Neglected behavior could be contributed to the individual having anergia. Individuals with depression show a lack of care towards oneself. Grooming and personal hygiene are not maintained.
A decrease in a patient’s sex drive or libido occurs in some individuals. Several factors could influence a patient’s libido, such as medication side effects, deficiency of neurotransmitters, or hormonal disturbances.

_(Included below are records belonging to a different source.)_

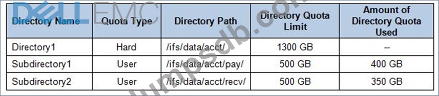 An Isilon customer's administrator created the nested directory structure, shown in the exhibit, using SmartQuotas. However, a user needs to write an additional 650 GB of data to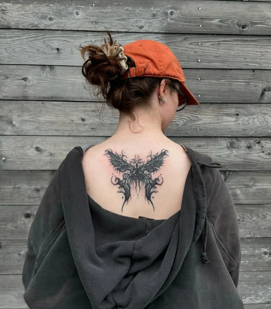 Gothic Butterfly Back Stick & Poke Tattoo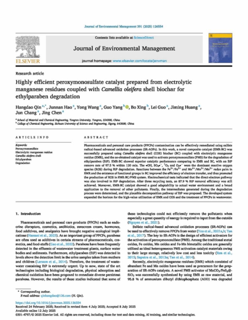 (1)将电解锰渣(EMR)与油茶壳生物炭(BC)进行复合,制备出EMR-BC复合催化剂,用于活化过硫酸盐降解水中的对羟基苯甲酸乙酯(EtP,常用于防腐剂和食品添加剂),结果表明EMR-BC复合催化剂的催化活性比EMR和BC均高,在最佳工艺条件下,反应120min,EtP的去除率高达97.5%。该研究对EMR-BC催化剂的活性位点进行了识别,并对过硫酸盐的活化机理进行了研究。该研究成果以“Highly efficient peroxymonosulfate catalyst prepared from electrolytic manganese residues coupled with Camellia oleifera shell biochar for ethylparaben degradation”为题发表于环境领域权威期刊Journal of Environmental Management(SCI二区top期刊)。

Patients may experience a change in their eating habits, elimination patterns, or sleeping schedule. Remember that every patient is different. With depression one patient could have hypersomnia, anorexia, and constipation, while another patient may display insomnia, overeating, and diarrhea.
Patients typically have a sad affect while depressed. It has been hypothesized that due to the deficiency of the neurotransmitters norepinephrine, serotonin, and dopamine that the brain does not function adequately leading to the patient feeling unhappy.
Patients can experience the feelings of worthlessness and/or hopelessness. Encouraging a patient to be self-efficient can help decrease these feelings.
Patients can feel guilty about being depressed, guilt related to a loss, or guilt for something in the past. Guilt can be a powerful emotion that can lead a patient to self-doubt or even self-harm. Encourage the patient to talk about their feelings.
Patients that are depressed are unable to cope with stress and end up expressing their frustration as anger. Anger involves a sense of powerlessness over the situation.
Because of the lack of motivation and the decrease ability to manage stress, depressed patients find it hard to problem solve. Issues go unresolved, which can add to guilt or feelings of worthlessness.
Patients with depression can have a slower demeanor. Their memory can be called at times “patchy” and there may be selective disorientation, along with a lack of being able to concentrate. The patient may dwell on perceived faults and failures and be unable to focus on strengths and successes.